REQUIRED WORK: Leave every picture out and return the rest of the listing verbatim.

AVAILABLE DATA:

Content starts

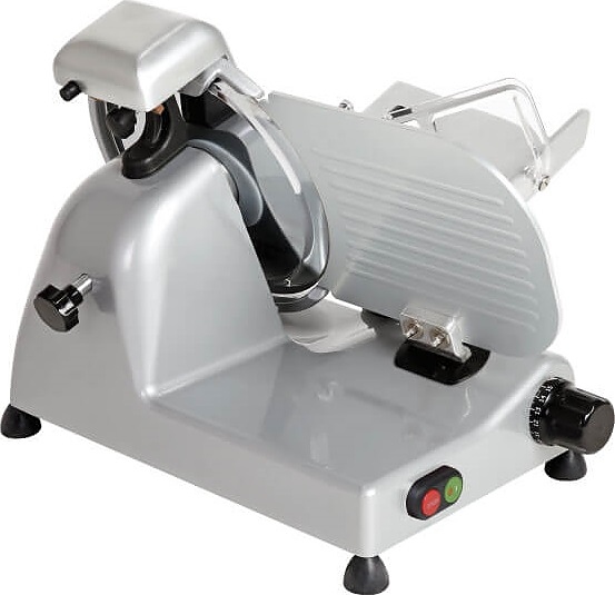 Слайсер RGV Lusso 300 S-L Prof применяется для тонкой нарезки твердых сыров, овощей, фруктов и других видов продуктов на предприятиях общественного питания, торговли и пищевых производствах. Модель оборудована встроенным затачивающим устройством. Материал базы - литой, лакированный алюминий, материал защитного крыла для диска, устройства подачи продукта и перегородок - анодированный алюминий.
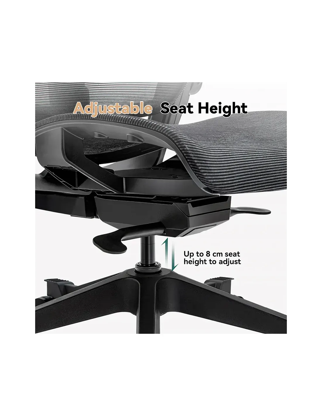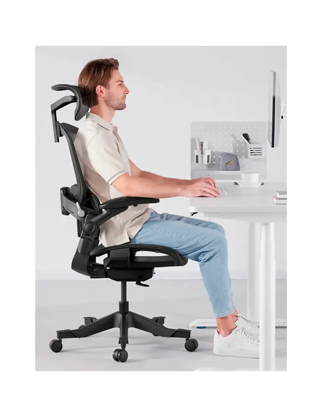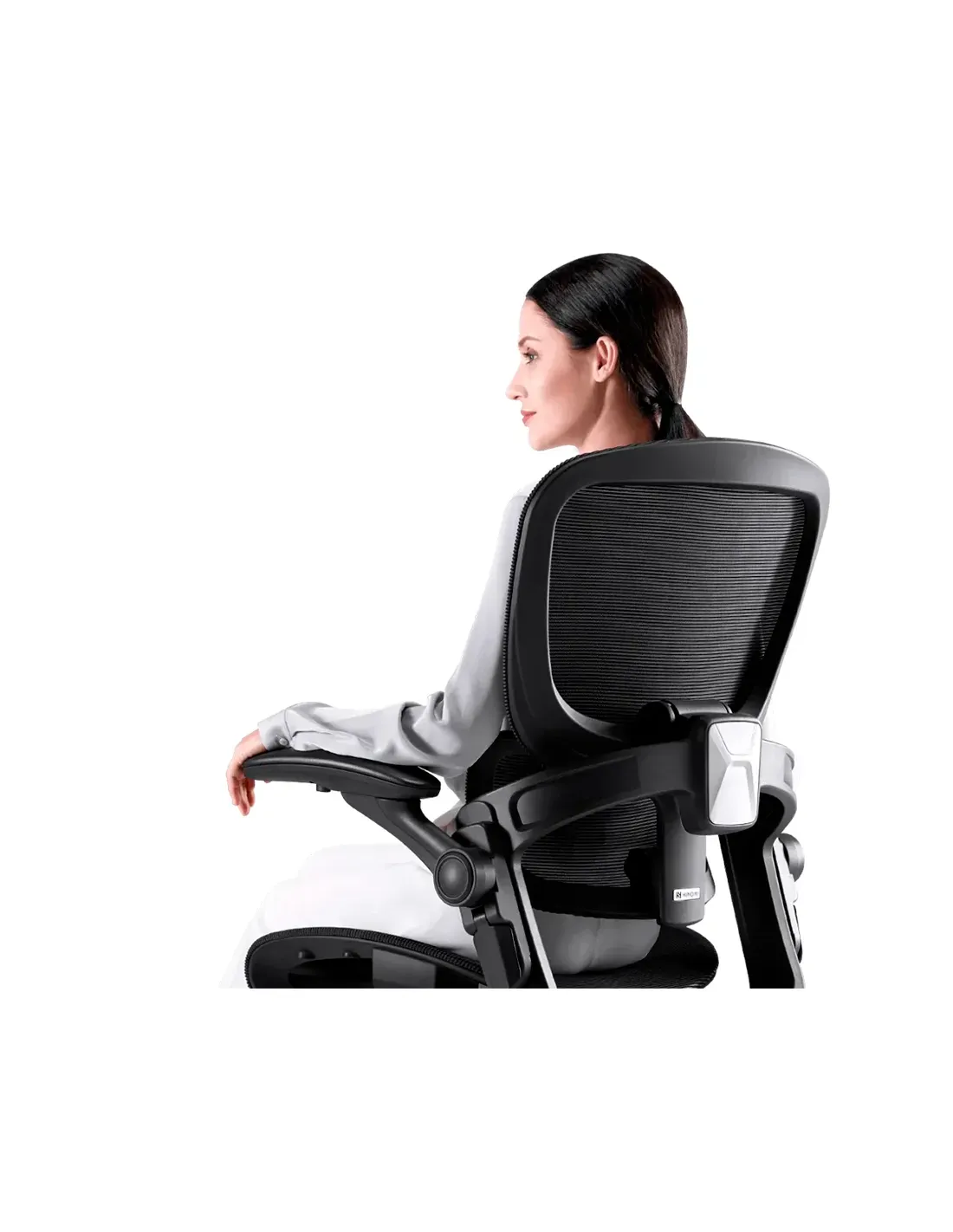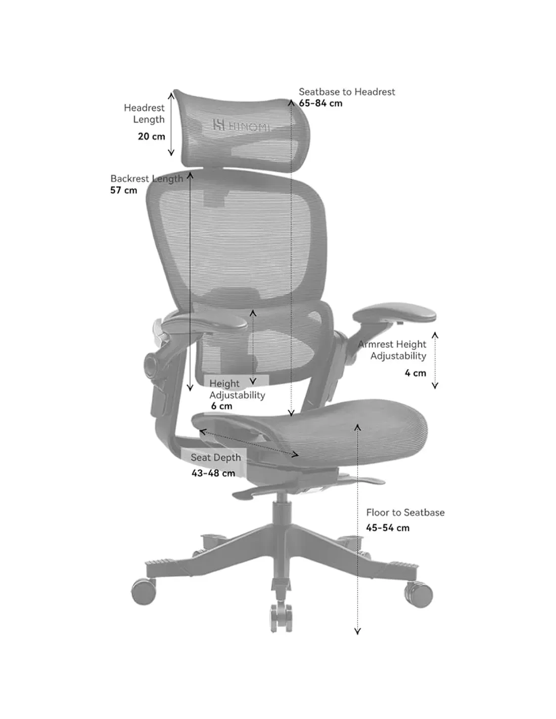 Країна: Сінгапур. Клас: ергономічне. Офісне крісло HINOMI H1 Classic забезпечує максимальний комфорт протягом всього робочого дня. Підтримка попереку синхронізується з рухами вашого тіла, створюючи безперервну підтримку як при нахилі вперед, так і при сидінні прямо або в лежачому положенні. Основа: нейлон. Оббивка: сітка (100 тис. циклів), чорний колір. Механізм: синхронний. Регулювання: висота крісла, глибина сидіння (слайдер-механізм), висота спинки, фіксація нахилу, висота поперекової підтримки. Підлокітники: 4D. Підголівник: 3D. Навантаження: 120 кг. Гарантія: 3 роки.
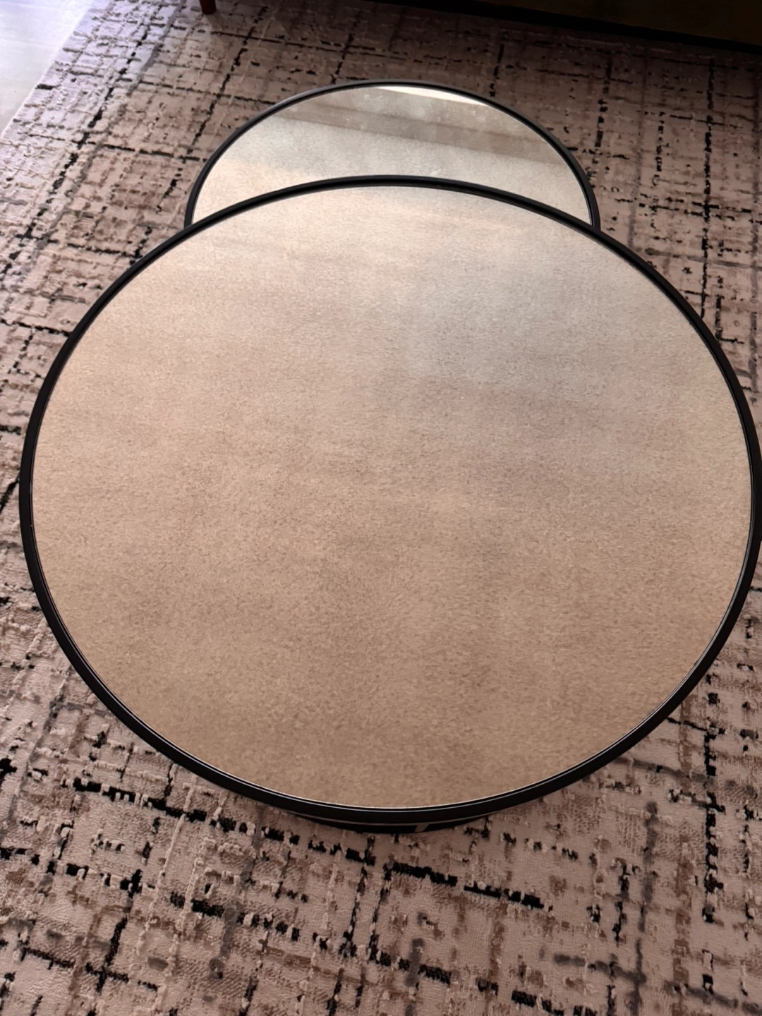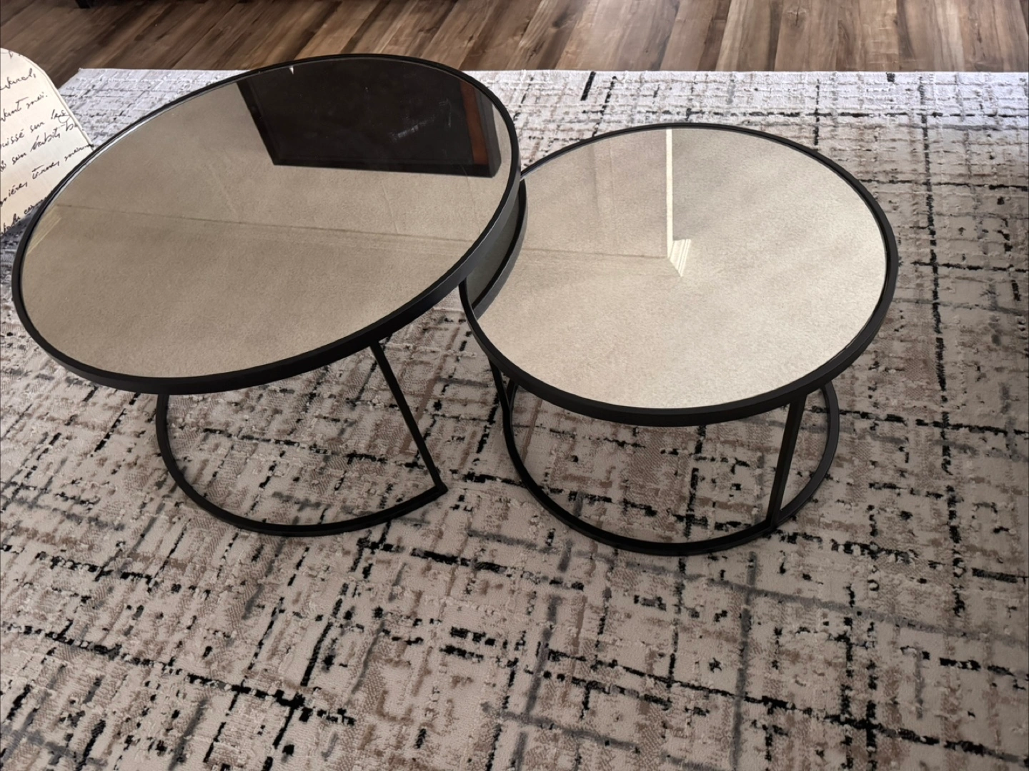 Selling a set of two nesting coffee tables! They have a sleek, modern design with black frames and mirrored tops. Perfect for adding a touch of elegance to your living room while saving space

Content ends

WRITTEN ANSWER:
 Слайсер RGV Lusso 300 S-L Prof применяется для тонкой нарезки твердых сыров, овощей, фруктов и других видов продуктов на предприятиях общественного питания, торговли и пищевых производствах. Модель оборудована встроенным затачивающим устройством. Материал базы - литой, лакированный алюминий, материал защитного крыла для диска, устройства подачи продукта и перегородок - анодированный алюминий.
 Країна: Сінгапур. Клас: ергономічне. Офісне крісло HINOMI H1 Classic забезпечує максимальний комфорт протягом всього робочого дня. Підтримка попереку синхронізується з рухами вашого тіла, створюючи безперервну підтримку як при нахилі вперед, так і при сидінні прямо або в лежачому положенні. Основа: нейлон. Оббивка: сітка (100 тис. циклів), чорний колір. Механізм: синхронний. Регулювання: висота крісла, глибина сидіння (слайдер-механізм), висота спинки, фіксація нахилу, висота поперекової підтримки. Підлокітники: 4D. Підголівник: 3D. Навантаження: 120 кг. Гарантія: 3 роки.
 Selling a set of two nesting coffee tables! They have a sleek, modern design with black frames and mirrored tops. Perfect for adding a touch of elegance to your living room while saving space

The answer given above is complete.